The key innovation lies in the way researchers slowed the movement of ions through channels, making them 500 times slower than usual. This slowdown gave me the time to “remember” each taste I encountered, with memories that lasted for about 140 seconds, not just milliseconds, depending on the thickness of the membrane.
The researchers compared the results with a recent study by Andrew Pannone and colleagues published in the journal Nature in October 2024. In this study, data from graphene-based electronic tongues was analyzed using neural networks run on traditional solid-state computers.
The system processes information in what scientists call reservoirs, allowing the system to learn flavors. Neural networks or processing parts of the system identify patterns and pass them for final processing.
“We used a simpler machine learning system to identify different flavors: some reservoir computing and some basic neural networks,” Yan explained. “Importantly, our physical devices actually did some of the computing work,” which is different from systems that rely entirely on external computers for processing.
The system gradually builds memories, just as how the brain learns to distinguish taste. With each exposure, the system is better at distinguishing similar preferences.

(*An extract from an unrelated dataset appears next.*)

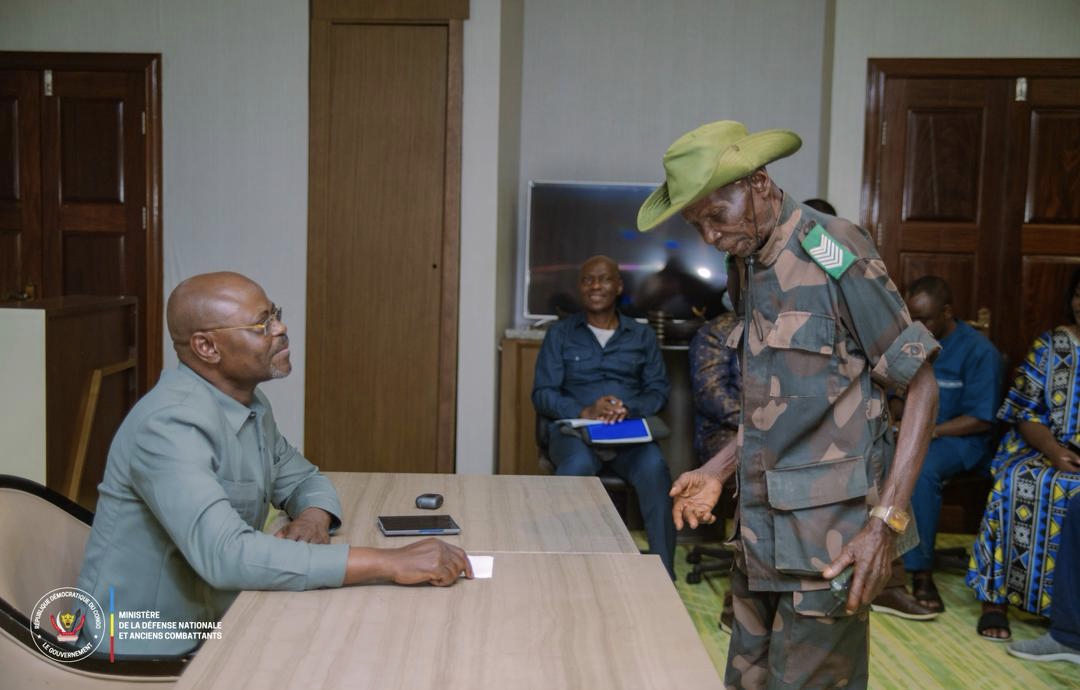 Régulier à la garnison de Kisangani, ce sous-officier de 2ème classe a été reçu par VPM de la Défense Nationale, Me Guy Kabombo Muadiamvita pour un échange et encouragement. Le numéro un de défense nationale, lui a promis une décoration dans les jours avenir, pour ses loyaux services à la nation.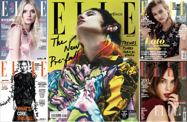 <엘르> 영국 2015년 8월호, <엘르> 세르비아 2015년 8월호, <엘르> 멕시코 2015년 8월호, <엘르> 폴란드 2015년 8월호, <엘르> 중국 2015년 8월호.

“It can definitely distinguish between complex flavors such as coffee, cola, and even mixtures. It matches the performance of Panon’s sophisticated neural network,” Yong said.
Medical and practical applications
This technology allows early detection of disease through taste analysis, helps identify the effects of drugs, and can help people who have lost their sense of taste due to neurological disorders or stroke.
Artificial tongues also help improve food safety testing, quality control of beverage production, and environmental monitoring of water supply. This can be done by identifying a specific flavor in the sample.
“These innovations lay a critical foundation for applications, from medical diagnosis to autonomous machines that can ‘savour’ the environment,” Yong said.
The results are promising, but Yong acknowledged that there are still important challenges. “The system is still too bulky for practical applications,” he told Live Science. “Detection sensitivity needs to be improved and power consumption is higher than we want.”
Yong remains optimistic about the timeline of improvements, however. “We have seen transformative advances in healthcare technology, robotics and environmental surveillance within the next decade, as we decipher the challenges of improving power efficiency, integrating multiple sensors, and develop compatible neural hardware.”